北極の海の道、探検〜挑戦〜利用へ
北極海航路とは
北極海を横断して大西洋と太平洋を結ぶ航路は北極航路と呼ばれており、ロシア沿岸を通る北東航路、カナダ多島海を通る北西航路、および北極海中央を横断する極点航路が考えられている。北極海航路(以下NSRと記す)とは北東航路のうち、ノバヤゼムリヤ島を西端、ベーリング海峡を東端とする約2,300海里の区間に関するロシアでの呼称である(図1)。NSRを利用すると、欧州とアジア間の航行距離をスエズ運河回りに比べて3〜4割短縮できる。ただしNSRは、冬は厳しい低温と海氷に閉ざされ、夏でも海氷の残る海域がある。また沿岸国であるロシアは、氷に覆われた水域に関する国連海洋法条約第234条を根拠に、海氷状況と航行船の氷海航行能力に応じて、ロシアの原子力砕氷船支援と水先案内人の乗船を義務付けている。
図1 : 北極航路 ロッテルダム〜横浜間の航行距離は、北東航路回りではおよそ7,268海里、スエズ運河回りでは11,414海里となる
北極海探検の歴史
北極は古代ギリシャに置いて、氷に覆われた世界の涯と記されている。8〜10世紀にはバイキングが白海、アイスランド、グリーンランド、北米大陸東岸に達した。11〜12世紀、グリーンランドはノルウェーの植民地となって交易で栄えた物の、その後衰退した。14世紀には、バスク人、次いでオランダ、英国の捕鯨船がニューファンドランドやラブラドール沖へ進出した。
15〜17世紀は新航路探索が活性化し、ラブラドール半島、ノバヤゼムリヤ島、カラ海が踏査された。オランダのバレンツは3回の航海を通じて、ヤマル半島、スピッツベルゲン島などを発見するも、その後ノバヤゼムリヤの北で遭難した。このように北極海を横断する航路は見つからなかったものの、17〜18世紀のスピッツベルゲン沖では捕鯨競争が激化し、ついにこの海域の捕鯨は絶滅に近い状態となった。
18世紀、ベーリングの北極海探査により、カムチャツカ、ベーリング海、東シベリア海が発見される。19世紀、スウェーデンのノルデンショルドが北東航路を完全航海、その後横浜に入港した(図2)。ノルウェー人ナンセンは、フラム号で北極海調査を実施した。一方、北西航路の完全航海は20世紀初頭のアムンゼンの航海による。ただし北西航路横断には出発後3年を要した。
ロシア革命後、旧ソ連は北極海航路管理局を設立、航路の探査・啓開活動を進めた。第2次大戦中は、米国からベーリング海峡を経てシベリア北岸に援助物資が運ばれた。1980年台には、ロシア原子力砕氷船団と氷海商船隊が国内輸送に活躍した。冷戦時代は外国には閉ざされた航路であった北極海航路は、1987年、ゴルバチョフ書記長の宣言により、国際航路として開放された。

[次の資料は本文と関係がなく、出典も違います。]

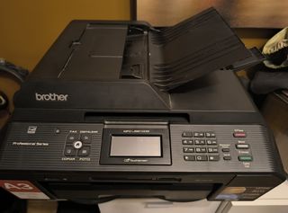 Impresora multifunción Brother MFC-J5910DW. - Modelo: MFC-J5910DW Vendo impresora multifuncion Brother con error 7 (papel atascado) que tras limpiarla minuciosamente, el error se manteniene. Hasta ayer, imprimia perfectamente hasta en DinA3. Si algun manitas entiende de errores es una buena oportunidad. Escaner perfecto. Exterior perfecto. Muy bien cuidada. - Funciones: Impresión, escaneo, copia y fax. - Conectividad: USB, Red. WIFI - Pantalla táctil. - Admite papel tamaño A3.
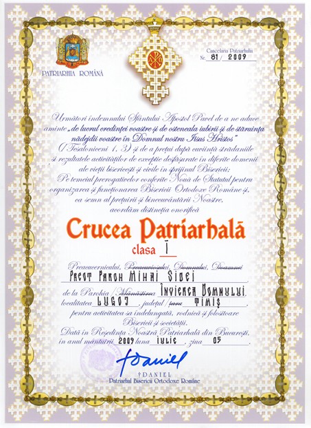 „După saisprezece ani de muncă de șantier (1993-2009) și slujire religioasă a parohiei am ajuns să trăiesc bucuria împlinirii. Răsplata a fost pe măsură. Preafericitul Părinte Patriarh DANIEL (bănățean din Lugoj), mi-a făcut cinstea să sfințească Biserica Învierea Domnului, înconjurat de patru Ierarhi, toți protopopii bănățeni și mulți preoți. A fost o zi istorică pentru Lugoj, în care până atunci nu a slujit niciodată un patriarh. Am fost răsplătit cu două daruri neașteptate dar foarte importante pentru viața mea preoțească: Preafericitul Părinte Patriarh a atribuit Bisericii Învierea Domnului și hramul Sfinții Mihai și Gavriil, zicând: „…pentru că Mihai a construit această biserică”. În cadrul Sfintei Liturghii mi-a atribuit cea mai înaltă distincție pentru preoți „Crucea Patriarhală””, spune cu bucurie pr. Sidei.
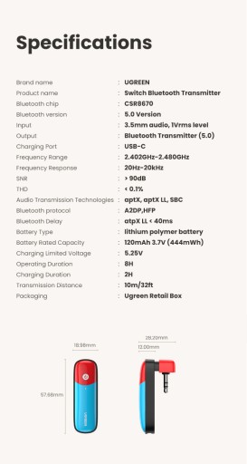Передатчик Ugreen BT Audio Nintendo Switch APTX
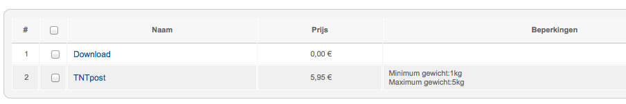 TNTPOST -> Min 1kg and max 5kg set to price 5.95
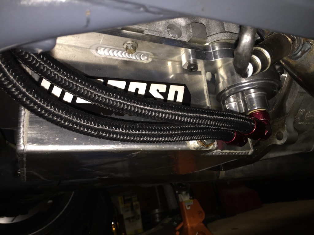 Here are the lines coming off the pan that run up to the remote oil filter:
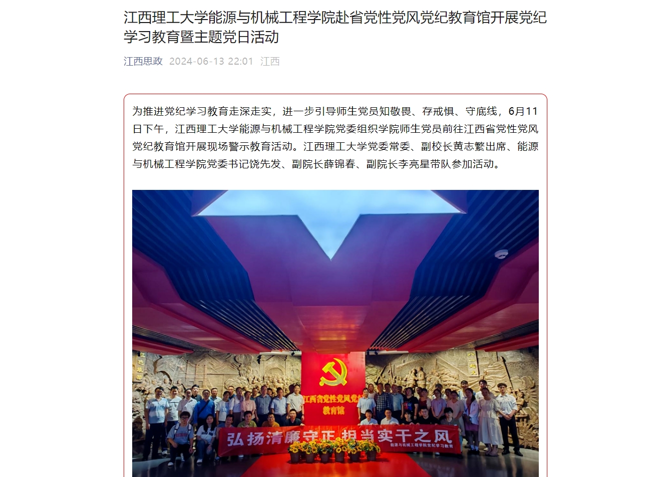 为推进党纪学习教育走深走实,进一步引导师生党员知敬畏、存戒惧、守底线,6月11日下午,金年会体育能源与机械工程学院党委组织学院师生党员前往江西省党性党风党纪教育馆开展现场警示教育活动。金年会体育党委常委、副校长黄志繁出席、能源与机械工程学院党委书记饶先发、副院长薛锦春、副院长李亮星带队参加活动。
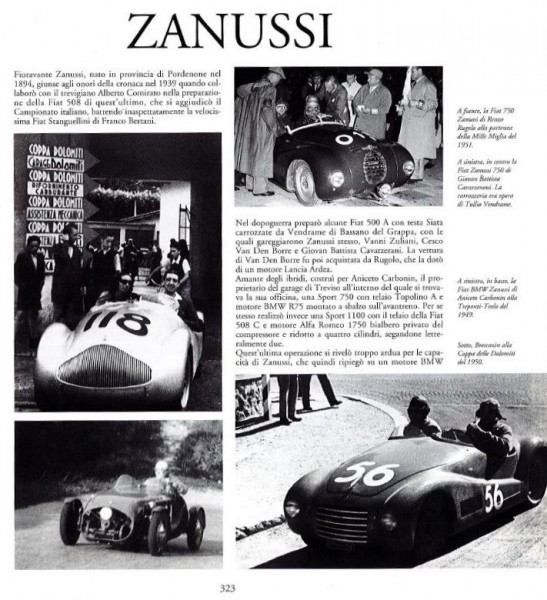 Octane Magazine, 2022 von Massimo Delbò - „...Fioravante Zanussi wurde im Juni 1894 in Pasiano di Pordenone, im Nordosten Italiens, als erstes von neun Kindern geboren und zeigte von klein auf eine tiefe Liebe für alles Mechanische. Er war nicht der Einzige, denn auch vier seiner Brüder arbeiteten später mit Autos. Bereits mit 16 Jahren arbeitete er in Turin bei der Anonima Aquila Italiana, einem Unternehmen, das Autos und Motoren unter dem Markennamen Aquila herstellte, und wechselte kurz darauf zu der viel größeren und etablierteren S.C.A.T. (Società Ceirano Automobili Torino), wo er in der Rennabteilung eingesetzt wurde. Es ist nun wichtig, sich an einen Aspekt zu erinnern, der oft vergessen wird: In den ersten Jahren des 20. Jahrhunderts waren die Ceirano-Brüder die wichtigsten geistigen und innovativen Kräfte in der wachsenden italienischen Automobilszene, und ihr Beitrag zur Entwicklung der italienischen Automobile jener Zeit ist unermesslich. S.C.A.T. gewann die Targa Florio in den Jahren 1911, 1912 und 1914 und Tazio Nuvolari selbst vertrieb vor dem Ersten Weltkrieg ihre Autos in der Region Venetien. Der junge Fioravante, leidenschaftlich, talentiert und willensstark, fand den richtigen Nährboden für seine Kenntnisse und Erfahrungen. Im Jahr 1914 wurde er bei FIAT als Spezialist in der Motorenprüfstelle eingestellt, aber kurz darauf trat Italien in den Ersten Weltkrieg ein und er wurde als Motorradstaffel eingezogen...“
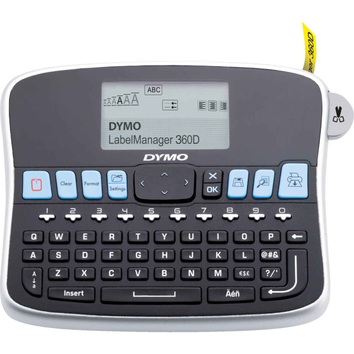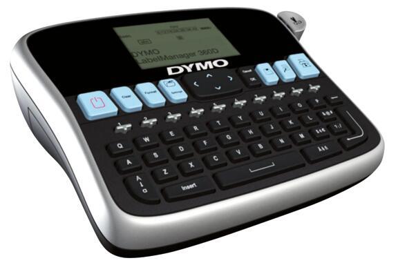 Etikettendrucker DYMO LabelManager™ 360D zum Erstellen von Etiketten in 7 Schriftgrößen, 3 Schriftstilen, 7 Textstilen, 8 Rahmen und Unterstreichung, schnelle Texteingabe durch die QWERTZ-Tastatur, Speicherung von 9 häufig verwendeten Etiketten für einen schnellen Zugriff, mit wiederaufladbarem Lithium-Ionen-Akku und Ladeadapter
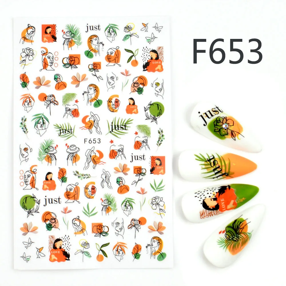 3D наклейки для ногтей, F-653, CA-511 цветов, абстрактное лицо, Гео...
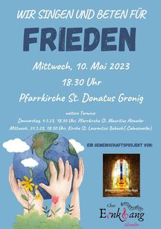 | St. Donatus, Gronig | 18.30 | Friedenskonzert „Singen und Beten für den Frieden“ Mitwirkende: Gitarrenchor Teachips und Chor Einklang Alsweiler |
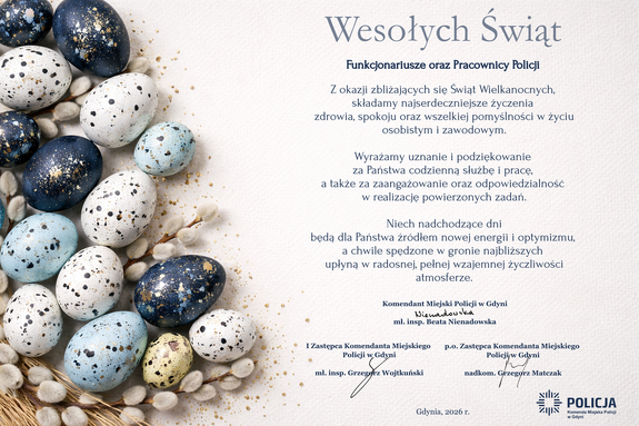 Życzenia Kierownictwa garnizonu gdyńskiego Policji z okazji Świąt Wielkanocnych Data publikacji: 02.04.2026
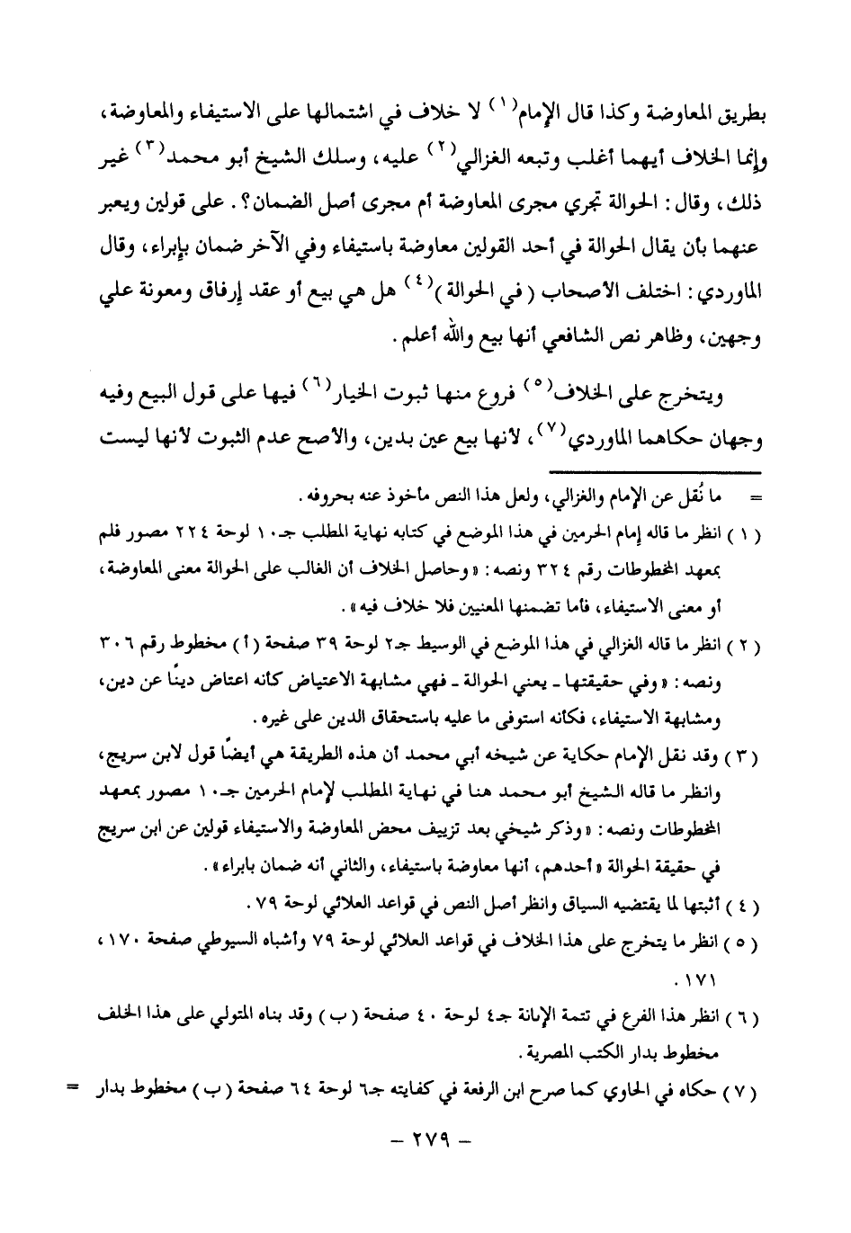 (¬1) انظر ما قاله إمام الحرمين في هذا الموضع في كتابه نهاية المطلب جـ 10 لوحة 224 مصور فلم بمعهد المخطوطات رقم 324 ونصه: "وحاصل الخلاف أن الغالب على الحوالة معنى المعاوضة، أو معنى الاستيفاء، فأما تضمنها المعنيين فلا خلاف فيه".
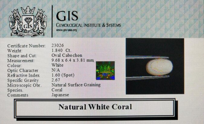 Beautiful 1.84 Ct. White Coral (Japanese Mines) Sava 2 Ratti Saphed Moonga. Free Horoscope & Free Pundit Ji Advise / Consultation. Original Natural Lab certified gems by IGI GTL / Birth stones / Large Gem Selection of shree shubh Rashi Ratan Vedic dhan at Gem Mines. May Bhagwan Brahma, Vishnu, Shiv & Universe bless you.
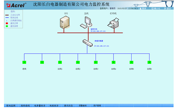 综上所述,电力监控系统帮助用电单位提高效率、减少损失、降低运营成本,电力监控系统能够有效确保电网管理效率、缩小电力运营成本,也成为供配电设计中不可或缺的重要组成部分。电力监控系统的通信、故障报警、数据存储记录等功能使得工作人员在实际工作中更加方便,可以通过人机操作界面, 直接了解到电力系统的运行状态,并能迅速传递出操作指令,由于监控设备对数据的传递都是通过网络传输来实现,因此,不同的电力监控系统可以设计不同的组网方式,确保数据信息能够迅速、精准的进行传输。另一方面,在供配电设计中运用电力监控系统,应该根据实际情况选择监控设备。一般的电力监控系统通常都采用具有远程通信、远程观测以及远程控制等功能的设备,而一些高端电力监控系统则需要选择功能更加齐全的智能设备。 在工厂建筑等场所设置电力监控系统,可以实现对厂内低压配电回路的实时监控,有利于电能管理。另一方面,电力监控系统不仅能够准确的表示出回路的用电状况,它还具备网络通讯等功能,能够与计算机、协议转换器等设备进行组合,及时的显示厂内各个配电回路的运作状态,当厂内电力系统的负载越标时、保护动作时,电力监控系统能够迅速报警,发出语音提示。另外,电力监控系统还能够生成报表、曲线图等统计信息,便于有关人员分析厂内各部分的用电状况,使厂内的用电活动更加安全,从而保证厂内人员的生命安全,提高工作人员的工作效率。
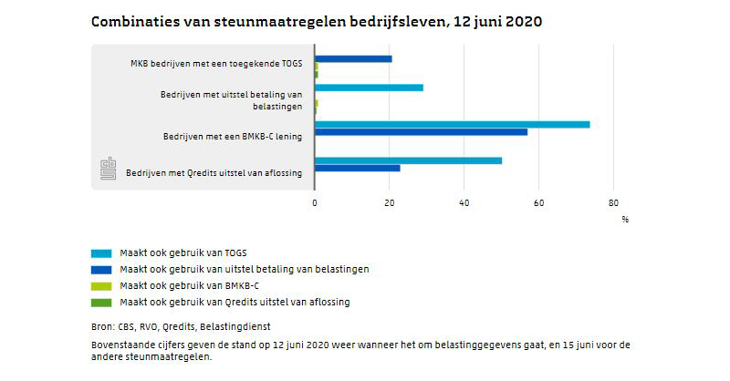 Van de bedrijven waaraan tot en met 15 juni een lening en garantie in het kader van de Borgstelling MKB-kredieten (BMKB-C) was verleend, had 57 procent eveneens uitstel van het betalen van belasting gekregen. Bij de bedrijven met uitstel van aflossing bij Qredits ging het om bijna een kwart.
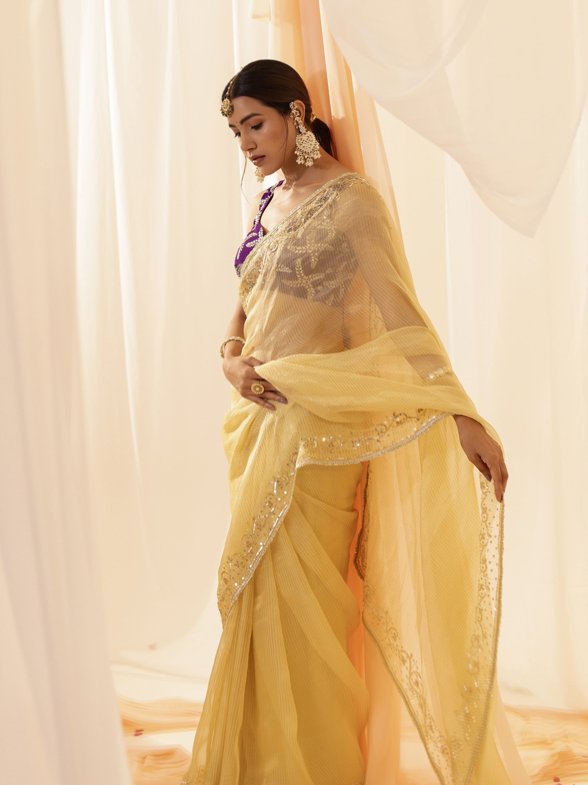 Opt for flowy chiffon or georgette sarees for breezy effects.
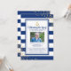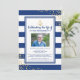 Zarpem numa viagem sincera de recordação. O nosso convite de celebração de vida náutica combina o fundo calmante de listras azuis e brancas com um toque de brilho dourado, tudo unido por um símbolo de âncora de marinheiro que representa força e estabilidade. Cada convite vem com uma moldura para uma foto querida e um modelo de serviço fúnebre fácil de alterar, garantindo que a memória do seu ente querido seja homenageada como desejar. Navegue pelo luto com graça e abrace o apoio de amigos e familiares com este convite lindamente desenhado.
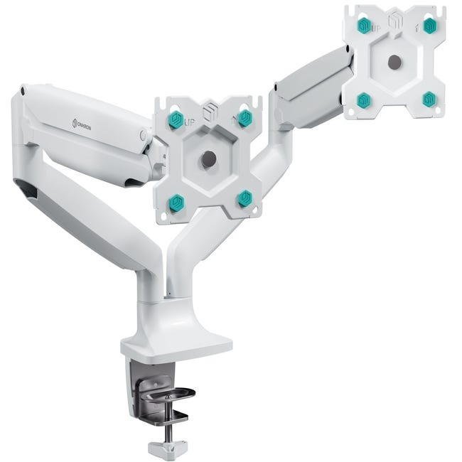 ONKRON Dual Monitor Halterung für 13-32 Zoll, bis 9 kg (x2), VESA 75x75 & 100x100, schwenkbar, neigbar, drehbar, Weiß G200-W
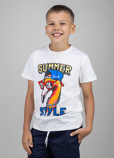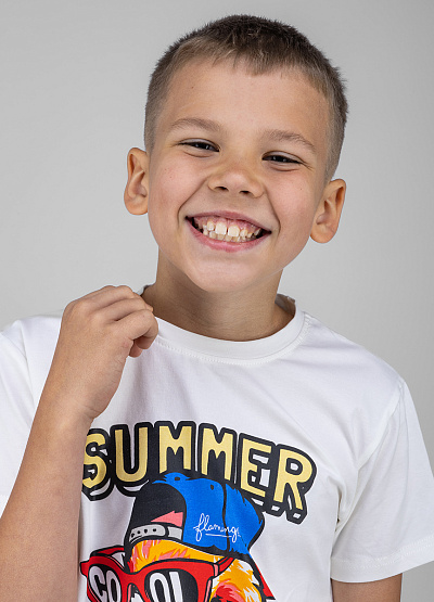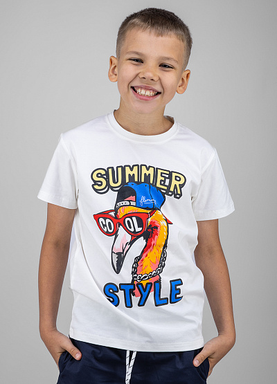 • Детская футболка белого цвета из хлопка от бренда Thomas Graf. Лицевая часть декорирована принтом. Короткие рукава. Круглый вырез.
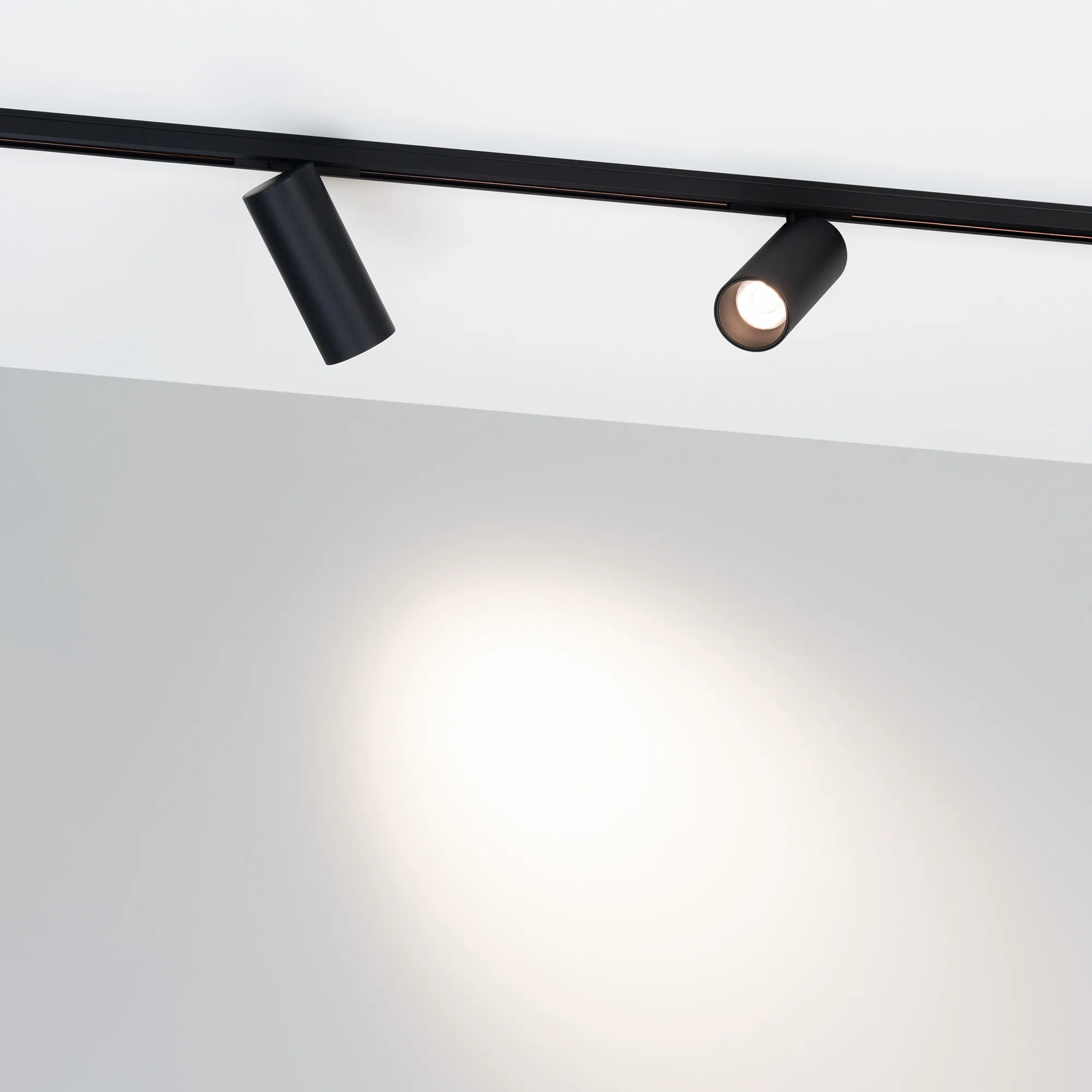 Светильник для магнитных треков MAG-MICROCOSM шириной 11 мм. Мощность 5 Вт, св. поток 373 лм, 75 лм/Вт, ТЕПЛЫЙ 2700 K, CRI>90, угол 36°, напряжение питания 24 В. Черный фигурный корпус из алюминия, экран поликарбонат, степень защиты IP20. Размер: диаметр 35 мм, высота 58 мм. Монтаж на трек MICROCOSM. Пульсация <1%. Не диммируется. Преобразователь напряжения DC-DC.
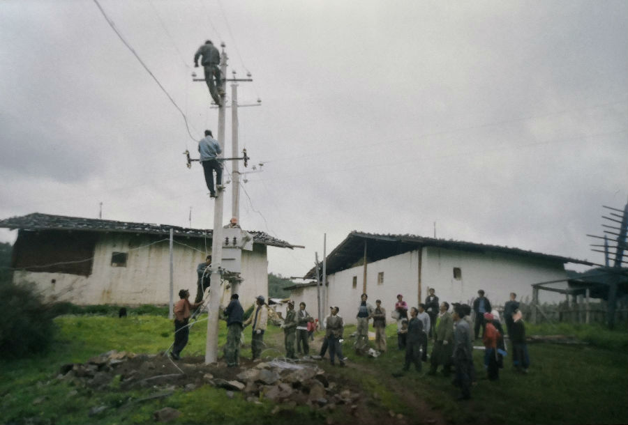 我記得電桿用的木料都是從山上用牦牛拉回來的。聽技術員說安裝好,就有電用,晚上也能跟白天一樣亮晃晃的,我們那個激動啊,沒日沒夜地挖洞、拉桿,用了六天時間就把變壓器架起來了。

図2:北極航路探検18世紀末、ロシアの科学者ロモノソフは、北極海を渡るアジアへの航路開拓の探検隊を送り出した。しかし北東航路の完全航海にはその後1世紀を要した。ノルデンショルドは1878年、排水量350トン、60馬力の蒸気機関をもつヴェガ号似てトロムソを出港し、ベーリング海峡直前で越冬し、翌年夏に無事海峡を通過した。この航海の前半には、レナ川探検用のレナ号、給炭船フレーゼル号・エクスプレス号が随伴した。
北極海航路のいま 〜利用動向
21世紀に入り、北極海の夏期海氷減退による航行環境の緩和を背景に、NSRが注目されるようになった。2010年代には船舶燃料の高騰が進み、輸送距離短縮による輸送コスト節減が船社の大きな関心事となった。あわせて中国の天然資源需要急増を背景に、NSRを通じた欧州およびロシア沿岸と東アジア間の資源輸送が始まった。このNSR輸送は、2013年には71航海136万トンまで増大し、鉄鉱石などがアジアへ、ジェット燃料などが欧州に輸送された。しかし2014年、燃料価格の下落、アジアの資源需要低迷、海運市場低迷に加え、ロシアに対する米国・欧州の経済制裁発動を受けて、NSRを横断する国際輸送は急減し、その後低迷が続いている。一方、NSRの総貨物量は継続的に増大し、2016年以降は毎年歴代最高を更新している(図3)。これにはロシア北極海沿岸からの原油輸送、ヤマルLMG基地建設、およびLNG輸送の増大が背景となっている。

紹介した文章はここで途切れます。